A mayor abundamiento, la vida te la imponen, así, por el artículo 33 y sin que te pregunten. No parece razonable ni humanitario negarnos la posibilidad de declinar la dádiva cuando se torna en un padecimiento que va in crescendo y te imposibilita cumplir cualquier objetivo vital, máxime cuando las esperanzas de una efectiva recuperación son ínfimas en términos estadísticos. Efectivamente, como se dice en la prensa más afín a la iglesia católica, existe la posibilidad de una sedación completa para casos extremos.  ¿Tiene ello algún sentido en ausencia de posibilidad de cura? ¿Qué objetivo vital puede cumplir una persona en semejantes condiciones?

Ellos dirán que también miran por las ovejas descarriadas. Pues tampoco vale, lo lamento, un pecador contumaz, carente de fe, de contrición y de arrepentimiento, que en ocasiones tan transcendentales no ve la luz él solito, no creo que nadie lo salve, y está sentenciado en el juicio final, así que añadirle otro pecado más, ni quita ni pone.

Otros argumentos son la esperanza de una cura más o menos cercana, los avances tecnológicos, los milagros y otras coñas marineras, perdónenme, porque, reitero, vivir años de elevado sufrimiento y de desgaste físico y psíquico, a la espera de una remota posibilidad de medicamento que cure una enfermedad en la cual los científicos llevan trabajando años, sin encontrarlo, puede ser hasta contraproducente.

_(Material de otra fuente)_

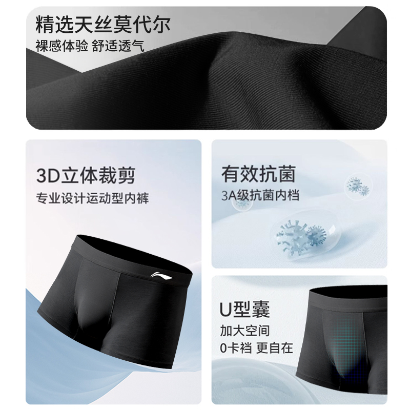 头裤 李宁男士 舒适透气运动青少年四角短裤 男平角裤 衩男生宽松 内裤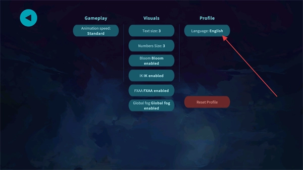 在设置界面的Profile标签页中,能看到当前语言设置显示为English,此时点击即可展开语言设置的下拉列表。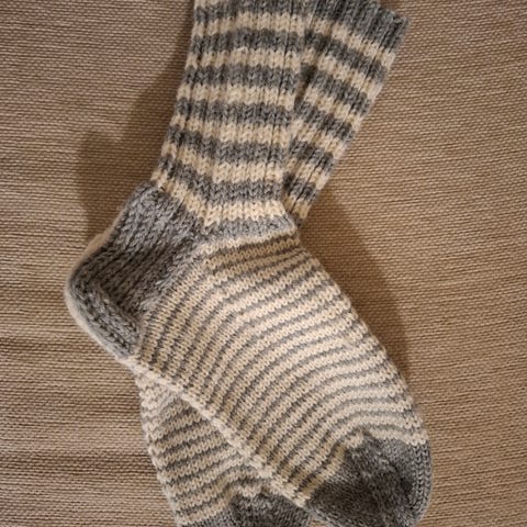 Marttojen ohjeella kudotot villasukat, joissa kaksiväriset kantapäät. Lankana Novitan 7 veljestä.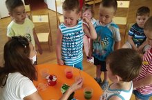 "Колобок" төркеме балалары Тамчыда кунакта булдылар һәм су белән тәҗрибә ясадылар.Тәҗрибә барышында балалар бик күп кызыксынучанлыкларын канәгатьләндерделәр, күп сорауларга җавап таптылар.

Imagínese que es así, que el medicamento de las narices sale, pero a su caso en concreto no es aplicable por lo avanzado de la enfermedad, y la cara de imbécil que le puede quedar a usted o a mí sí, llegado el caso, me decido por tal vía. Y esto no son elucubraciones, hay medicamentos ineficaces para enfermedades que sobrepasan un determinado nivel de evolución.

Quienes hemos tenido la desgracia de ver familiares cercanos con enfermedades degenerativas, sabemos que eso más que vivir es sobrevivir en un auténtico infierno. En todo caso habrá que tener en cuenta otras variables como la edad del paciente, el desarrollo de las investigaciones en curso sobre esa enfermedad en concreto, las posibles secuelas que puedan quedar tras la curación, antes de condenar como pecadores a todo el que se acoja a tal derecho. Digo yo que nuestra capacidad de raciocinio esta para algo.

En todo caso, llegado el momento, cada cual es muy libre de tomar la decisión que estime más conveniente de conformidad con su cultura, sus creencias, sus vivencias, etc., ya que estamos en presencia de un tema delicado, con connotaciones éticas y morales, donde resulta casi imposible establecer las categorías de correcto e incorrecto. Carecemos de evidencias científicas de cuál será nuestro destino cuando la negra dama tenga a bien visitarnos, y les deseo que eso ocurra lo más tarde posible. Así las cosas, solo me conformo con que, llegado el momento, nadie me dé por el saco y me permitan hacer a mí lo que en dicha encrucijada mi conciencia me dicte.